Scottish businessman and former political advisor

Stephen Andrew Carter, Baron Carter of Barnes, (born 12 February 1964), is a Scottish businessman and politician. Starting his career as graduate trainee rising to CEO of J Walter Thompson UK & Ireland and COO of NTL UK & Ireland (now Virgin Media), in 2003 Carter became the founding CEO of Ofcom (Office of Communications) in the United Kingdom. He was subsequently the group CEO of Brunswick Group from 2007 until 2008, when he stepped down to join the administration of Prime Minister Gordon Brown, Initially serving in 2008 as Brown's chief of strategy, principal advisor, and the Acting Downing Street Chief of Staff, he was very briefly Minister for Communications, Technology and Broadcasting for 9 months in 2008-9. Between 2010 and 2013 he held various management positions at Alcatel-Lucent, and in 2013 he became the group CEO of Informa, an information and events company.

==Early life and education==
Born in Falkirk, Scotland on 12 February 1964, Stephen Carter grew up in Edinburgh. His father worked for the logistics company Christian Salvesen, and Carter would often travel to London with his family. He was educated at Currie High School in Edinburgh. In 1982 he began studying law at the University of Aberdeen, serving as student president in 1985 and 1986. He graduated in 1987 with a Bachelor of Laws, then attended Harvard Business School's six-week advanced management program in 1997. In 2010 he was awarded an honorary doctorate in law (LLD) by his alma mater, Aberdeen University.

==Career==
===JWT and NTL===
Carter joined the firm J Walter Thompson (JWT) in 1986 as a graduate trainee, specializing in media and technology. In 1994 JWT named him managing director and CEO of J Walter Thompson Company UK & Ireland. He then became JWT's managing director in 1995 and chief executive in 1997.

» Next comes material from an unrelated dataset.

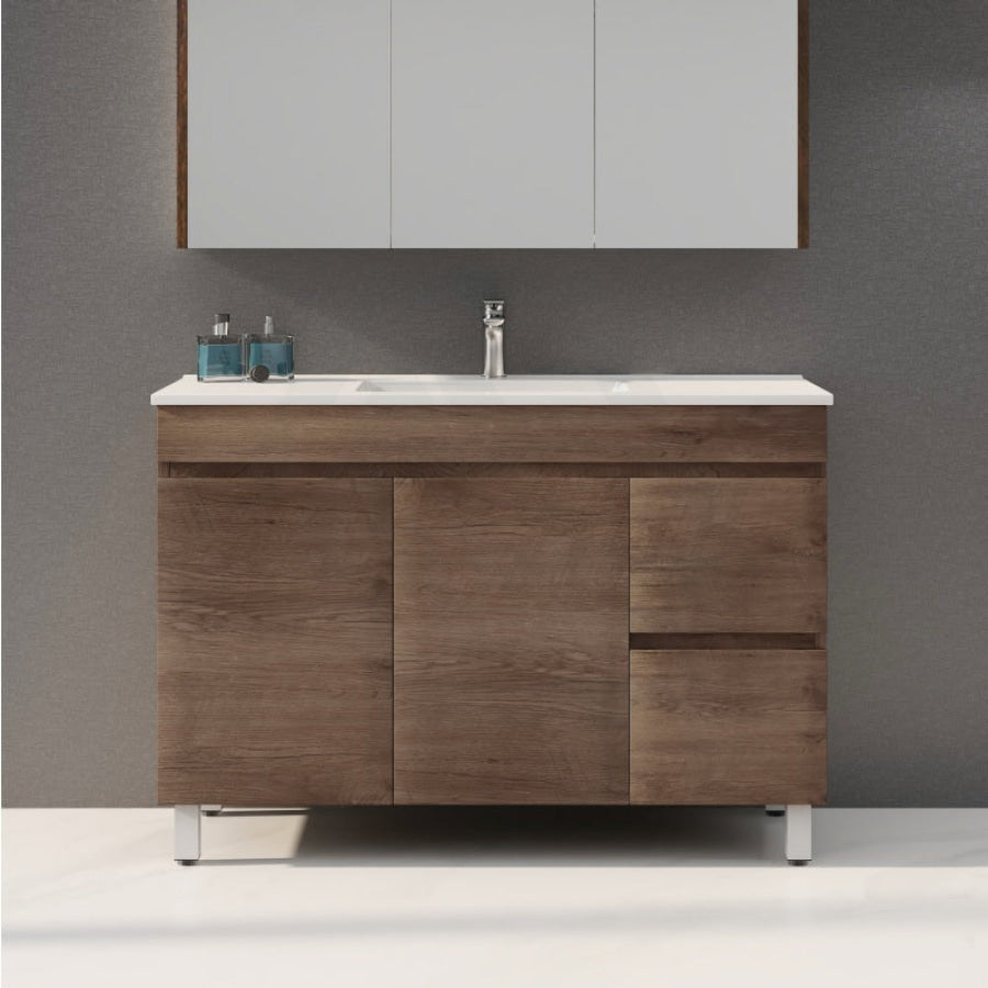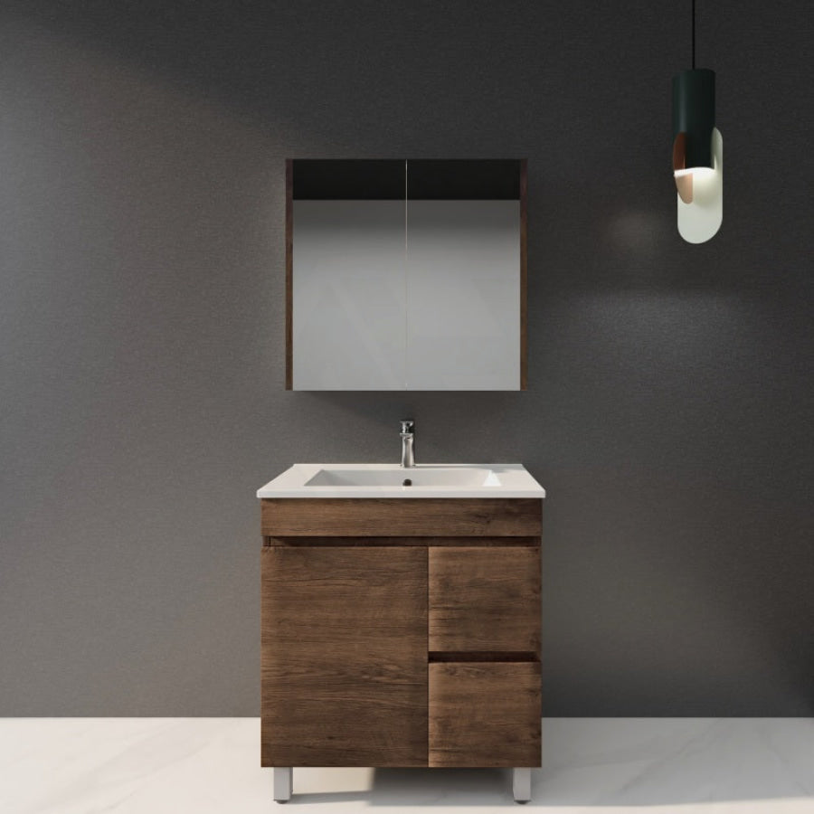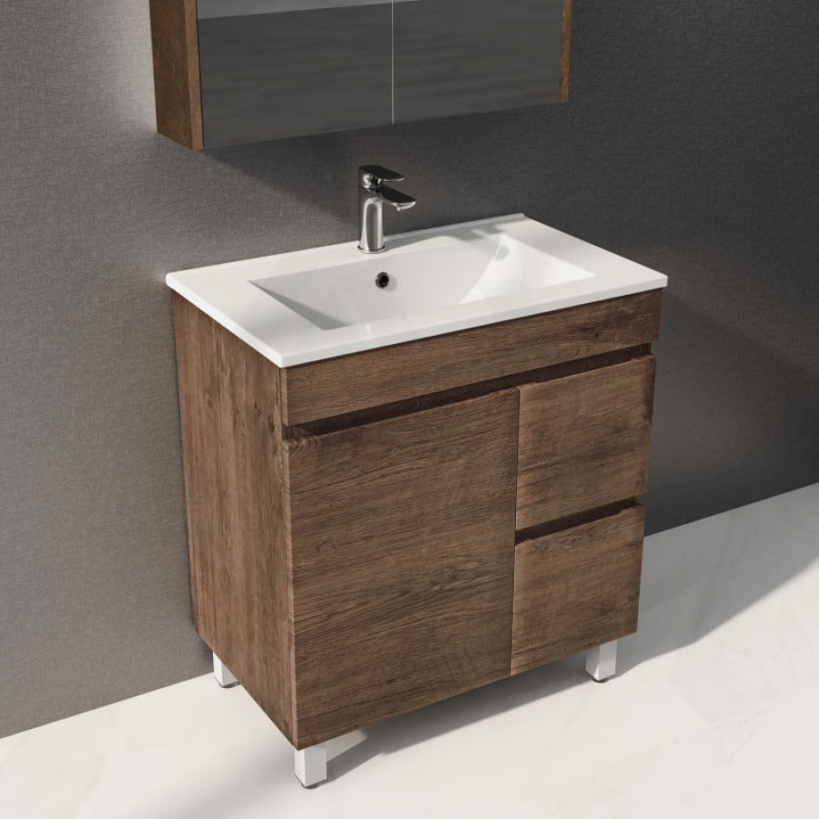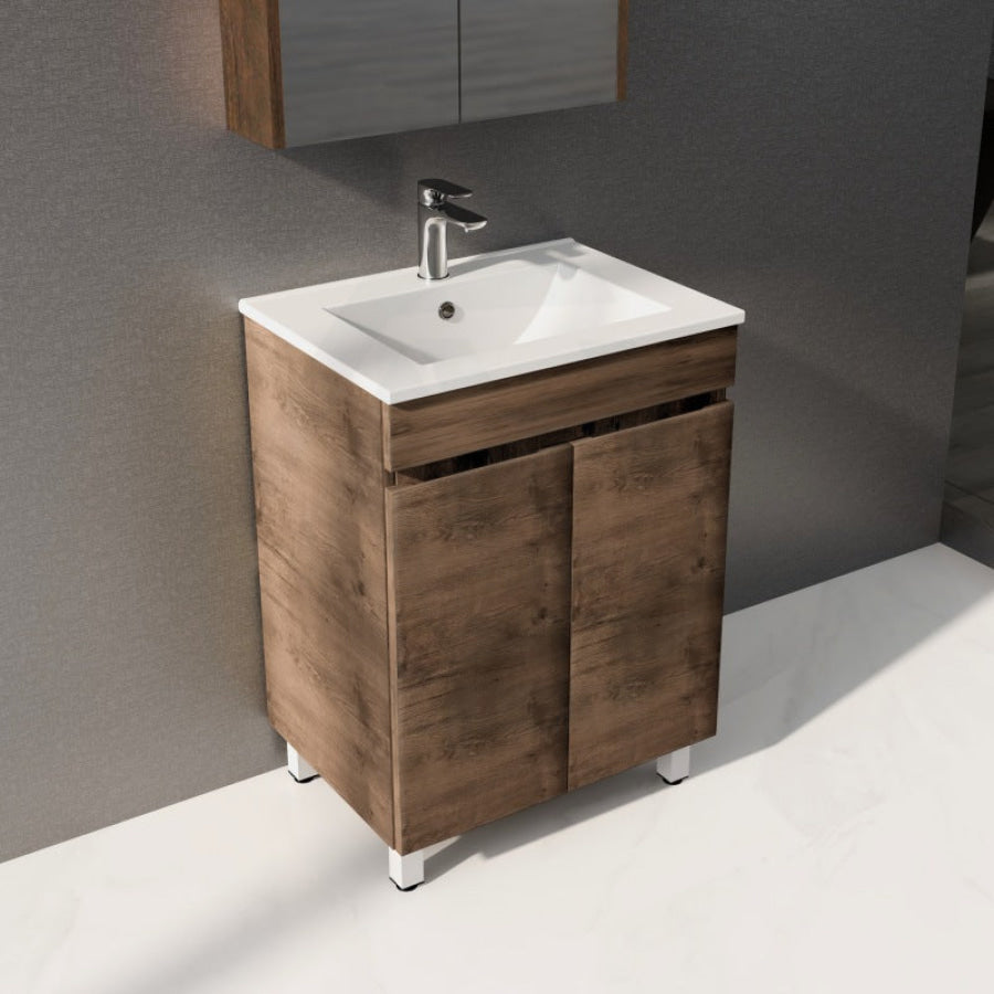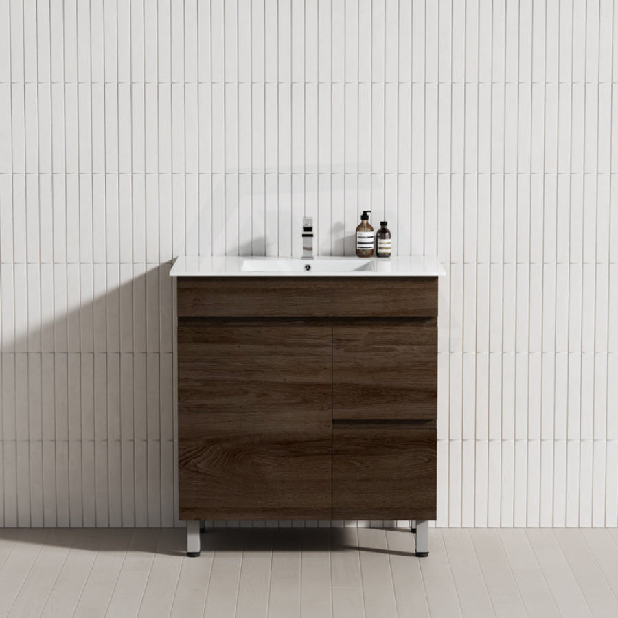 600-1500mm Berge Freestanding Bathroom Floor Vanity Dark Oak Wood Grain PVC Filmed Cabinet ONLY & Ceramic/Poly Top Available

In 2000 Carter was appointed the chief operating officer and managing director of UK cable TV company NTL UK & Ireland (now Virgin Media). The company was deeply in debt, and Carter helped oversee complete restructuring of the UK & Ireland business. Given debts of £12 billion and market conditions, the company was required to file for Chapter 11 bankruptcy protection, with Carter presiding over the bankruptcy proceedings. The company was still in Chapter 11 when he left in 2003. His compensation payoff, rumored to be close to £1.5 million with a £600,000 bonus, met with criticism from shareholders, and in late 2007 the company resolved a class action lawsuit brought by shareholders by paying out $9 million in compensation.

===Ofcom and Brunswick===
On 1 March 2003 Carter became the founding CEO of Ofcom (Office of Communications), the British government's new media regulator. Among other issues, Carter focused on regulating broadband prices and coordinating regulation of switching from analog to digital television broadcasting. He also led negotiations with BT on matters such as local loop bundling. Stepping down from Ofcom in the summer of 2006, he was a part of the capability review team in 2006 and 2007 that reviewed the Department for International Development.

He briefly became the group chief executive officer of Brunswick Group LLP on 1 March 2007, in what was a newly created position. He resigned from the role in January 2008 to join the administration of Prime Minister Gordon Brown. At that time, he also stepped down as a commissioner of the UK Commission for Employment & Skills and non-executive director of Royal Mail Holdings and Travis Perkins.

===Public positions===
He was acting chief of strategy and principal advisor for Prime Minister Gordon Brown. Serving as Brown's Acting Downing Street Chief of Staff, he was given responsibility for running political strategy, research, communications, and the Policy Unit. Replaced within a year, Carter was subsequently appointed Brown's communications minister in the House of Lords, and in October 2008 he became the Parliamentary Under-Secretary for three departments simultaneously: serving as Minister for Communications, Technology and Broadcasting and heading the Department for Business, Enterprise and Regulatory Reform and the Department for Culture, Media and Sport. Because Carter was not a Member of Parliament having never been elected to public office, it was necessary to appoint him to the House of Lords for the ministerial positions. He was created Baron Carter of Barnes, of Barnes in the London Borough of Richmond upon Thames on 15 October 2008, introduced to the House of Lords by Lord Currie and Lord Puttnam. He served in the House of Lords on the front bench in his capacity as Minister.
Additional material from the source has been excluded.